Pourtant, une étude a suggéré que jusqu’à un tiers de tous les cas positifs pourraient ne pas avoir été infectieux au moment où ils ont fait le test. Cela signifie non seulement que la véritable ampleur de la pandémie pourrait avoir été déformée, mais aussi que de nombreuses personnes pourraient avoir été contraintes de s’auto-isoler inutilement.

Tout aussi préoccupante est l’idée que les chiffres de décès brutaux et terrifiants du Royaume-Uni – qui étaient diffusés quotidiennement – étaient trompeurs et même exagérés.

Aujourd’hui, nous allons tenter de découvrir la vérité, ou de nous en approcher le plus possible.

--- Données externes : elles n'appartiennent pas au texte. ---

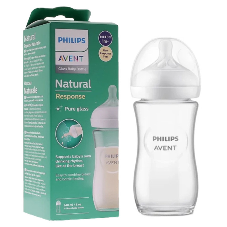 Le biberon en verre Philips AVENT Natural Response 240 ml est conçu pour respecter le rythme naturel de tétée de votre bébé, facilitant l'alternance sein/biberon. Sa tétine imite la forme du sein, avec une valve anti-coliques et un verre borosilicaté résistant. Sans BPA et facile à nettoyer.
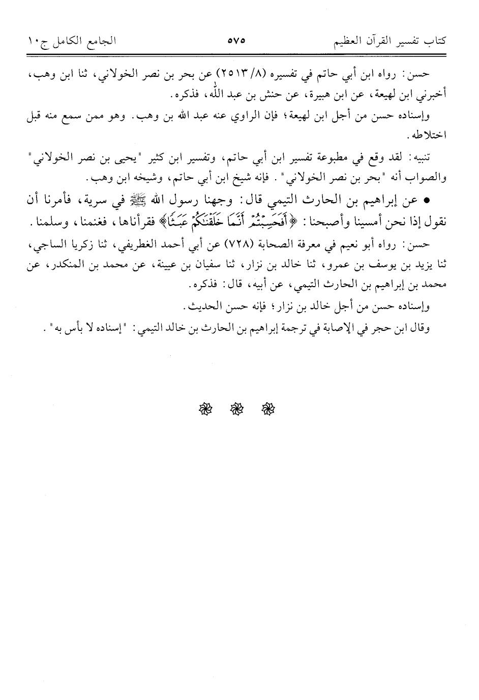 تنبيه: لقد وقع في مطبوعة تفسير ابن أبي حاتم، وتفسير ابن كثير "يحيى بن نصر الخولاني" والصواب أنه "بحر بن نصر الخولاني". فإنه شيخ ابن أبي حاتم، وشيخه ابن وهب.
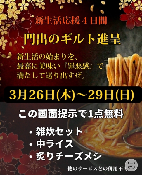 新生活応援4日間〜門出のギルト贈呈〜 2026-03-24 16:39:23 門出のギルト贈呈新生活の始まりを、最高に美味しい「罪悪感」で満たして送ります。【実施期間】3月26日(木)〜3月29日(日)【特典】下の画面提示で 1点無料雑炊セット中ライス炙りチーズメシ※他サービスとの併用不可
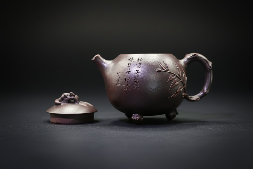 这件紫砂竹节三足壶造型端庄稳重,壶身呈扁圆鼓腹状,下承三乳足,短流,耳形把手以竹节为意象,自然曲折,线条流畅。壶身一侧雕刻竹枝,另一侧则镌刻铭文诗句“秋雷石罂破,晓日丹砂烂”,字体遒劲有力,意境悠远。

Un autre pas en avant dans la compréhension vient de la nouvelle analyse des scientifiques de l’Université d’Oxford et de l’organisation caritative Collateral Global, partagée exclusivement avec ce journal. Le groupe a passé au peigne fin 800 réponses à des demandes de liberté d’information faites par des membres du public à des institutions médicales telles que des maisons de soins et des trusts hospitaliers, et a découvert des failles fondamentales dans la manière dont les décès dus au Covid étaient enregistrés.

Au total, 14 termes différents étaient utilisés pour décrire une personne décédée à cause du Covid – notamment « sous-jacent au Covid« , « dû au Covid« , « impliquant le Covid » et « décédé dans les 28 ou 60 jours suivant un test positif ».

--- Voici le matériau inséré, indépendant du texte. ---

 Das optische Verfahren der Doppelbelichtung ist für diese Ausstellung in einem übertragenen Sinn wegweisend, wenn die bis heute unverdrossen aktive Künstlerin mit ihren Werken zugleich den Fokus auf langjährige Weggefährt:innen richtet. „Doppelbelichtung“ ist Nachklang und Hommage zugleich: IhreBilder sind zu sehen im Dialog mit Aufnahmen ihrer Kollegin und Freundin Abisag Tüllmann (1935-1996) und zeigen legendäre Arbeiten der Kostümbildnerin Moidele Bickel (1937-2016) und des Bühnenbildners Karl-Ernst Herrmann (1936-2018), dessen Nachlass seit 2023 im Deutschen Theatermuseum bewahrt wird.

Certains trusts hospitaliers exigeaient un test positif pour certifier un décès dû au Covid, tandis que d’autres ne le faisaient pas.

Plus choquant encore, dans les maisons de soins, les décès ont été certifiés par des médecins faisant leur inspection via un appel vidéo – et cela a été autorisé en raison des directives d’urgence introduites en avril 2020.

Les experts affirment que cela, ajouté à l’absence de tests dans les maisons de soins, signifie qu’il est probable que des hypothèses ont été faites et que le Covid a été attribué à tort comme cause du décès.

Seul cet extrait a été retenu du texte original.